For this work, she was awarded the 2009 Nobel Prize in Physiology or Medicine, sharing it with Carol W. Greider and Jack W. Szostak.
In recent years Blackburn and her colleagues have been investigating the effect of stress on telomerase and telomeres [15] with particular emphasis on mindfulness meditation. [16] [17] She is also one of several biologists (and one of two Nobel Prize laureates) in the 1995 science documentary Death by Design/The Life and Times of Life and Times.
Studies suggest that chronic psychological stress may accelerate aging at the cellular level. Intimate partner violence was found to shorten telomere length in formerly abused women versus never abused women, possibly causing poorer overall health and greater morbidity in abused women. [18]
Blackburn was appointed a member of the President's Council on Bioethics in 2002. She supported human embryonic cell research, in opposition to the Bush Administration.
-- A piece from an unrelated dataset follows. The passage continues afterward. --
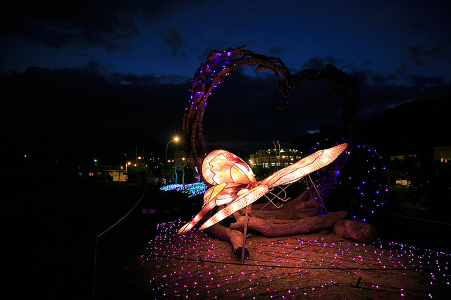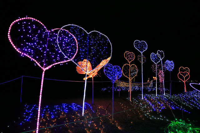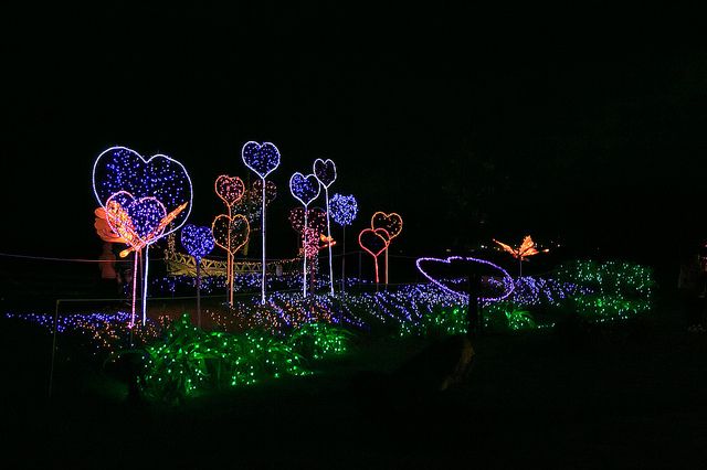 這裡的燈海是以「七彩之心」為主題,在黑夜裡特別的醒目,

Her Council terms were terminated by White House directive on 27 February 2004. [19] This was followed by expressions of outrage over her removal by many scientists, who maintained that she was fired because of political opposition to her advice. [20]
"There is a growing sense that scientific research—which, after all, is defined by the quest for truth—is being manipulated for political ends," wrote Blackburn. "There is evidence that such manipulation is being achieved through the stacking of the membership of advisory bodies and through the delay and misrepresentation of their reports." [21] [22]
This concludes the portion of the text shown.